Recreate the listing that follows line for line, without pictures.

§ **SOURCE MATERIAL**
= = =

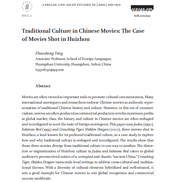 近日,9778818威尼斯教师童兆升副教授在世界老牌知名出版社博睿(Brill Academic Publishers)旗下的学术期刊African and Asian Studies上发表论文Traditional Culture in Chinese Movies: The Case of Movies Shot in Huizhou。该杂志致力于发表有关亚洲和非洲国家社会、文化以及全球社会变化和发展动态的文章、研究笔记和书评。该论文发表实现了该院教师在SSCI期刊论文发表零的突破。
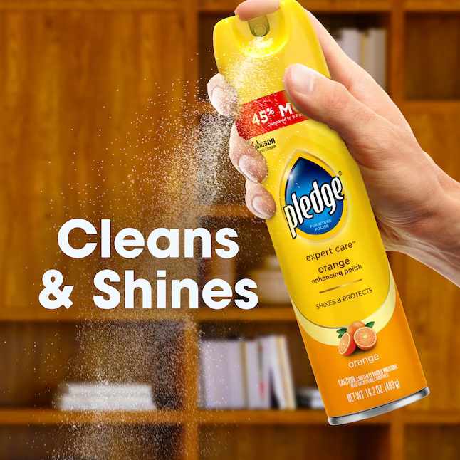 • Pledge Expert Care Lemon Enhancing Aerosol es un limpiador y abrillantador de muebles que brilla y protege superficies de madera y más.
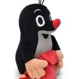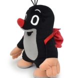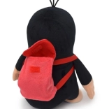 Der Maulwurf ist mit einem roten Rucksack ausgestattet, der die Verspieltheit und Interaktivität des Spielzeugs erhöht.
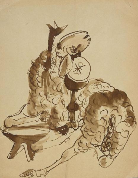 [Studio per una Crocifissione – Agnello con calice, Ostia e simboli]. angelo con calice e ostia

= = =

§ **YOUR SOLUTION**
 近日,9778818威尼斯教师童兆升副教授在世界老牌知名出版社博睿(Brill Academic Publishers)旗下的学术期刊African and Asian Studies上发表论文Traditional Culture in Chinese Movies: The Case of Movies Shot in Huizhou。该杂志致力于发表有关亚洲和非洲国家社会、文化以及全球社会变化和发展动态的文章、研究笔记和书评。该论文发表实现了该院教师在SSCI期刊论文发表零的突破。
 • Pledge Expert Care Lemon Enhancing Aerosol es un limpiador y abrillantador de muebles que brilla y protege superficies de madera y más.
 Der Maulwurf ist mit einem roten Rucksack ausgestattet, der die Verspieltheit und Interaktivität des Spielzeugs erhöht.
 [Studio per una Crocifissione – Agnello con calice, Ostia e simboli]. angelo con calice e ostia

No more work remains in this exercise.